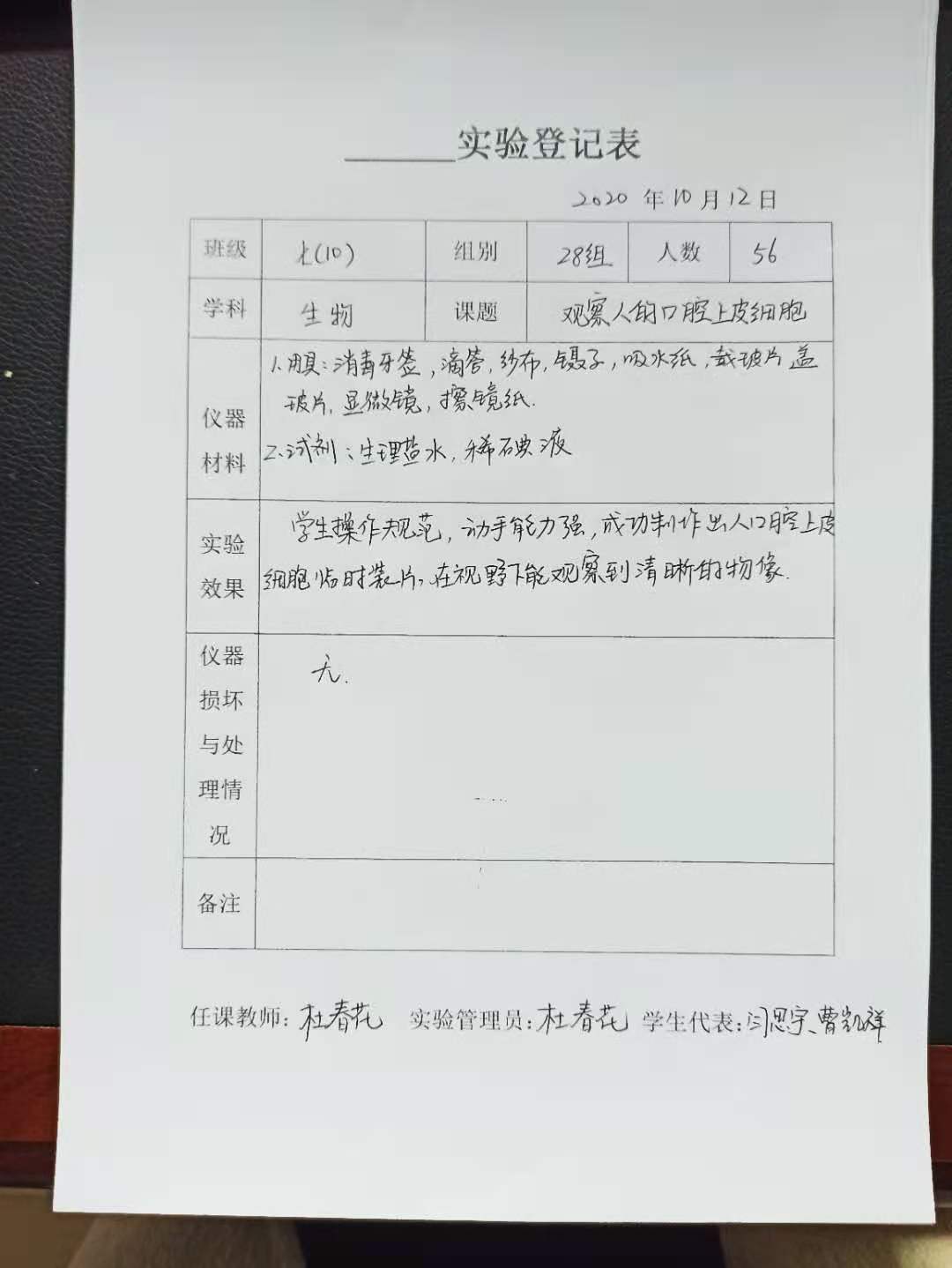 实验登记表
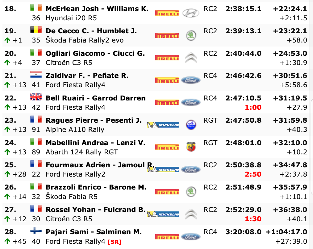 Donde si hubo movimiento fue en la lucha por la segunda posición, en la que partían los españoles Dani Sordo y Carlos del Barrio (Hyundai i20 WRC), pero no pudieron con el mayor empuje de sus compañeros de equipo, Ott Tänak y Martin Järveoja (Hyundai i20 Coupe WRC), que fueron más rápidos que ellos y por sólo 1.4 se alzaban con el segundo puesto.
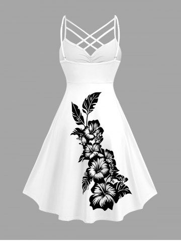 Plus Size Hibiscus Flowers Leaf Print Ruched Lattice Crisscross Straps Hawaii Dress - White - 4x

● Exercise:
Repeat all of the data above word for word, minus the pictures.

● Task result:
 实验登记表
 Donde si hubo movimiento fue en la lucha por la segunda posición, en la que partían los españoles Dani Sordo y Carlos del Barrio (Hyundai i20 WRC), pero no pudieron con el mayor empuje de sus compañeros de equipo, Ott Tänak y Martin Järveoja (Hyundai i20 Coupe WRC), que fueron más rápidos que ellos y por sólo 1.4 se alzaban con el segundo puesto.
 Plus Size Hibiscus Flowers Leaf Print Ruched Lattice Crisscross Straps Hawaii Dress - White - 4x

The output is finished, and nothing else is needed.